« Nous n’avons aucun ordre de grandeur, concède Cédric O, le secrétaire d’Etat chargé de la Transition numérique et des Communications électroniques. On parle souvent de milliards. Comme nous avons trop peu de PME et de TPE qui portent plainte lorsqu’elles sont attaquées, nous avons du mal à chiffrer. Trop d’entreprises se contentent de payer alors que nous avons aujourd’hui d’importants moyens de cyber-gendarmerie. »
Pour justifier l’investissement dans la sécurité, il faudrait pourtant avoir une idée du coût de l’insécurité. Les acteurs du secteur donnent des exemples tout en restant discrets sur l’identité des victimes. En haut du spectre, Cédric O cite l’un des cas les plus impressionnants et les plus médiatisés : celui du leader mondial du transport maritime Maersk, presque coulé à l’été 2017 par un virus d’origine russe, avec une perte d’au moins 270 millions d’euros. Le géant danois a dû réinstaller totalement 45 000 ordinateurs, 4 000 serveurs et 2 500 applications logicielles.
Les plus petites entreprises, dans des domaines moins exposés aux affres de la géopolitique, se disent souvent qu’elles sont à l’abri. Alors que tout le monde peut aujourd’hui être pris pour cible.

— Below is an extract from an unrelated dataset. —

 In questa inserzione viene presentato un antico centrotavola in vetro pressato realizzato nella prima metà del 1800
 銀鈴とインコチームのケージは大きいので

Le juste niveau de sécurité
Aujourd’hui, tous les spécialistes estiment que la cybersécurité est l’affaire de tous : gouvernement, populations… et entreprises. Mais quel niveau de sécurité consentir sachant que les mêmes experts confirment qu’il est impossible d’être complètement protégé ?

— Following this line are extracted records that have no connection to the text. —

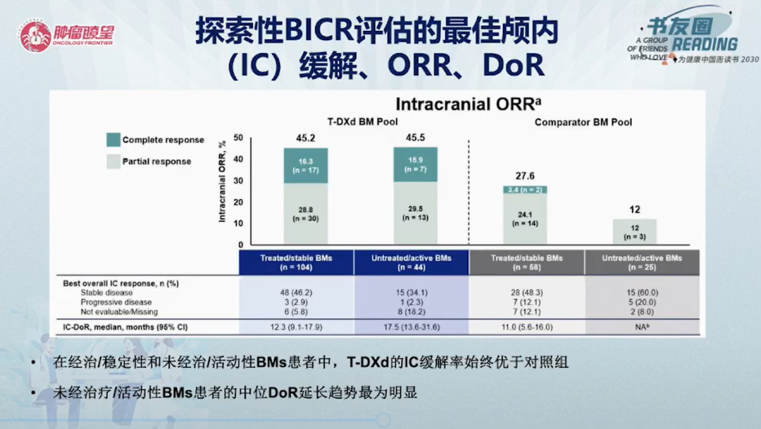 BICR评估的脑转移患者颅内ORR结果显示,T-DXd组经治的/稳定性脑转移患者ORR为45.2%(CR 16.3%,PR 28.8%),未经治的/活动性脑转移患者ORR为45.5%(CR 15.9%,PR 29.5%)。对照组经治的/稳定性脑转移患者ORR为27.6%(CR 3.4%,PR 24.1%),未经治的/活动性脑转移患者ORR为12。在经治的/稳定性和未经治的/活动性脑转移患者中,T-DXd的BICR评估的缓解率始终优于对照组。T-DXd组经治的/稳定性脑转移患者的中位DoR为12.3个月,未经治的/活动性脑转移的中位DoR为17.5个月,对照组则分别为11.5个月和NA。未经治的/活动性脑转移患者的中位DoR延长趋势最为明显。
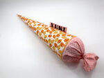 Die Schultüte wird aus hochwertigen Designerstoffen genäht und auf Wunsch mit dem Namen des Schulkindes individualisiert. Die Tüte ist 70cm hoch und wird mit einem entsprechenden Papprohling geliefert. Um eine bleibende Erinnerung an den Einschulungstag zu haben, kann nach der Einschulung der Papprohling aus der Schultüte entfernt werden und und mit dem Inlet als Kuschelkissen Einzug in das Kinderzimmer halten.
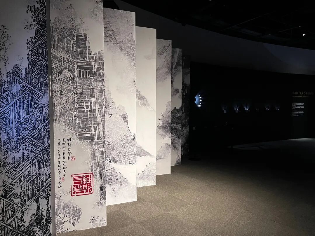 这面陨铁纹路山水画折叠墙,正是果壳设计总监白云飞的创意。事实上,这是他搜集了10种不同形态类型的维斯台登纹之后,亲手设计拼接制作而成。观众可以亲手抚摸这面墙,用指尖感受上面源自陨石肌理的凹凸起伏,更直观也更鲜活地认知这来自天外的纹路。
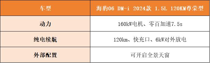 下面就是120km续航的车型,首先是海豹06 DM-i 2024款 1.5L 120km尊荣型,它比次低配贵了1万,多出来的东西包括40km的纯电续航、零百加速从7.9s提升到7.5s、提供快充口、6kW的对外放电和可开启的全景天窗。至于要不要选这个车型,就看各位的充电环境了。
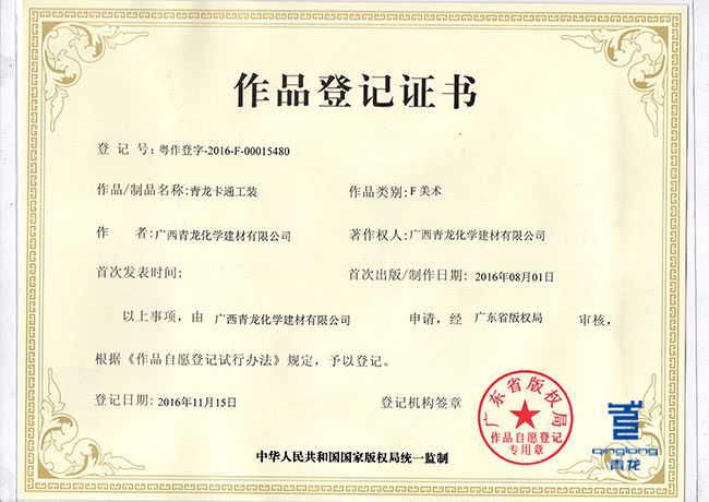 該證書的獲得,是青龍公司在知識(shí)版權(quán)工作上的又一個(gè)里程碑,它意味著青龍公司在具有獨(dú)立知識(shí)版權(quán)的防水行業(yè)得到了國家權(quán)威的認(rèn)可和充分的肯定。

« La première chose à faire, c’est de cartographier pour avoir une visibilité de ses actifs, conseille Edem Nyawouame, ingénieur commercial chez Claroty, éditeur de logiciels de protection. Cette visibilité est importante pour savoir ce que l’on peut mettre en place plus tard. » « Ce que l’on ne voit pas, on ne peut pas le sécuriser, confirme Badr Laasri, son concurrent de chez Tenable. L’inventaire est l’étape la plus importante pour débuter : d’autant plus qu’une même machine a souvent plusieurs cartes mères. »
« Une PME d’une dizaine de personnes, ce n’est évidemment pas sa priorité, concède Jérôme Notin, le directeur général de la plateforme cybermalveillance.gouv.fr. Mais à partir d’une certaine taille, avoir un directeur de systèmes d’information est un minimum. Il ne faut pas voir cela comme un coût mais comme un avantage concurrentiel : aujourd’hui, celui qui se démarque sur le marché, c’est celui qui sait rassurer son client. » Même pour une toute petite société, il est recommandé de désigner un référent cyber qui doit veiller aux premières mesures d’hygiène numérique.
Coût d’image
Une entreprise touchée craint souvent que sa fragilité ne lui coûte des contrats. Les pirates utilisent le chantage à l’image : ils volent des données puis menacent de les divulguer aux clients pour ruiner l’activité de la victime. Ce sentiment de honte et de fragilité contribue à dissuader les cibles de cybermalveillance de se tourner vers la justice. De mauvais réflexes que certains secteurs tentent de déconstruire, dont l’aéronautique qui est souvent cité comme exemple à suivre en la matière.